(RECORDS FOR THIS TASK begins)

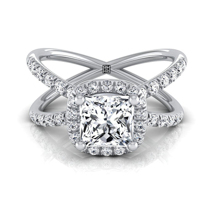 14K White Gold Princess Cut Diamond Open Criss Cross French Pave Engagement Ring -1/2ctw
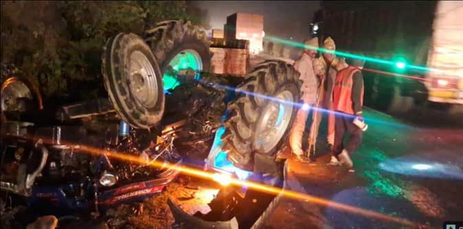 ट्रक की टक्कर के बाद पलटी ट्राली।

(RECORDS FOR THIS TASK ends)
(RECORDS FOR THIS TASK begins)

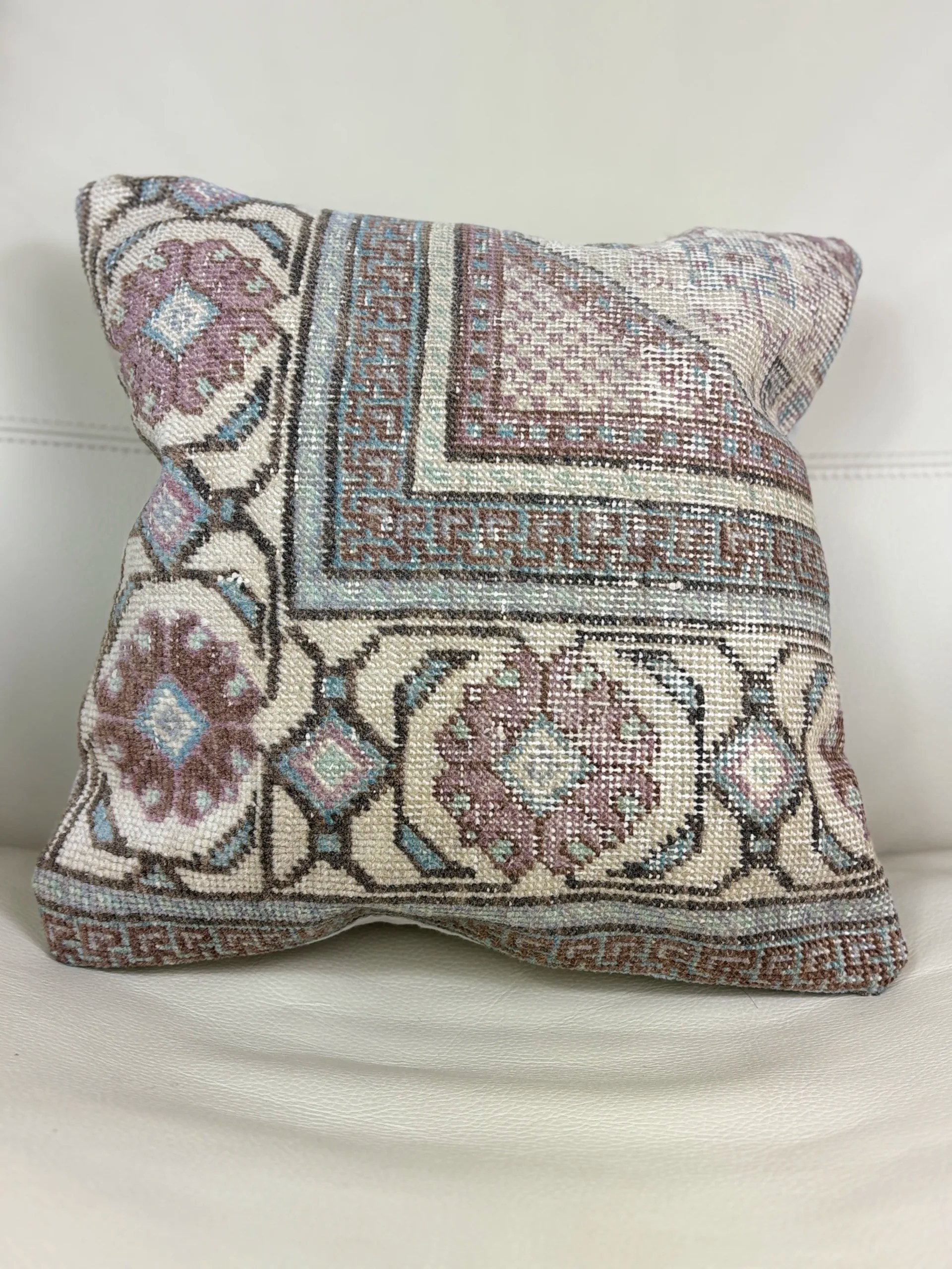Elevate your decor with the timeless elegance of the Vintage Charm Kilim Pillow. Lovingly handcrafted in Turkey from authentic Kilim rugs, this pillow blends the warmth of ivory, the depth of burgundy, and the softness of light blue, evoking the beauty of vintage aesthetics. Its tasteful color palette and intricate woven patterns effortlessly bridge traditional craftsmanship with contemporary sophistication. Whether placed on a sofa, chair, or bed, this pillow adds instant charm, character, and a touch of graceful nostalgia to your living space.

(RECORDS FOR THIS TASK ends)

**ABOUT THIS EXERCISE**
The data above holds the lines to copy: start at the one with "14K White Gold", stop at the one with "ट्रक की टक्कर के बाद पलटी ट्राली।", include both, copy them exactly without pictures, and copy nothing else.

**SOLVED EXERCISE**
 14K White Gold Princess Cut Diamond Open Criss Cross French Pave Engagement Ring -1/2ctw
 ट्रक की टक्कर के बाद पलटी ट्राली।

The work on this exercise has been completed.